In order to demonstrate the use of my script nucleotide_difference_imbalance_plot_stylized_like_Figure_8_of_Morrill_et_al_2016.py
, found here, I'll use it to plot nucleotide difference imbalance for the span of coordinates from the Saccharomyces cerevisiae S288C reference sequence that is similar to Figure 8, panel B of Morrill et al 2016(PMID: 27026700).
This will also demonstrate in the 'Preparation' section use of my script get_chromosomal_coordinates_as_FASTA.py
, found here, to use YeastMine to retrieve a sequence for a specified region of a S. cerevisiae chromosome.

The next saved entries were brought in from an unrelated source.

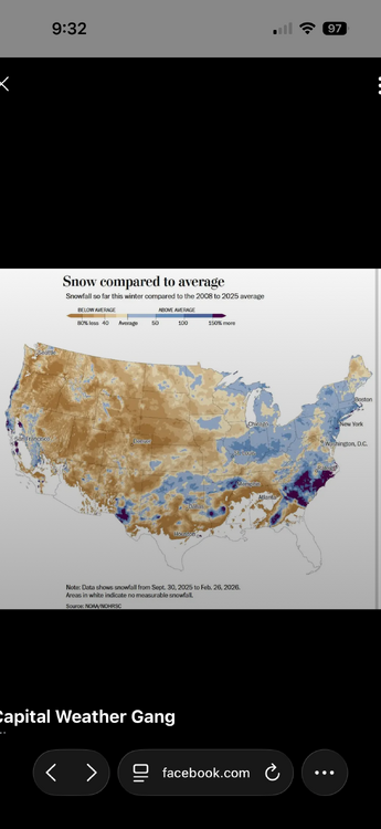 Here’s more data about how bad this winter has been for the majority of the U.S. Clearly, snowfall is below normal in most places.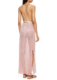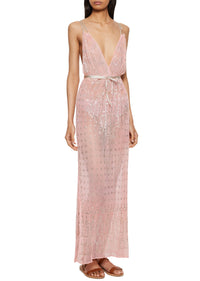 An original 1920's light pink sheer dress, featuring a plunging neckline that is then cinched at waist by a metallic lace tie. The delicate thin straps elegantly lead into an open back cross design.
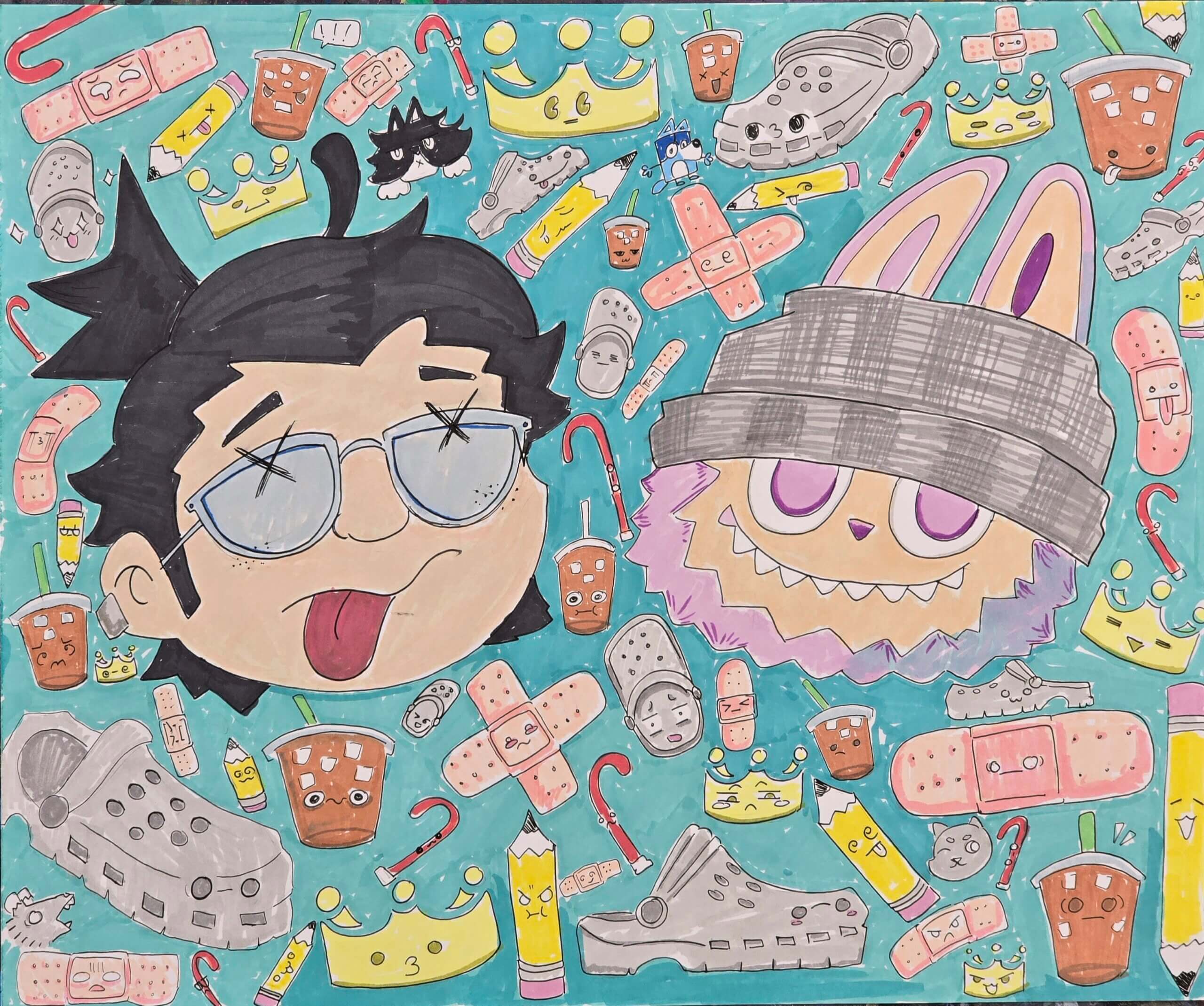 Well My name is Irene, I joke with others that the best way to remember it is to think of the hurricane. I have been making art since I could hold a crayon. I started off with mainly cartooning and drawing. Once I discovered anime that changed everything concerning my style and subject matter. My artwork is heavily influenced by my main loves- Japanese culture, Crocs, Cats and Labubus.

Full reference for the plot style/approach:
References for sequence data and YeastMine/Intermine interface used in demonstration:
If you haven't used one of these notebooks before, they're basically web pages in which you can write, edit, and run live code. They're meant to encourage experimentation, so don't feel nervous. Just try running a few cells and see what happens!.
Some tips:
The script needs a sequence file in FASTA format to take as input to scan and then plot the related traits across the sequence. Here we will retrieve a sequence of a span of the yeast chromosomes IV and use that as the input for the script demonstration below.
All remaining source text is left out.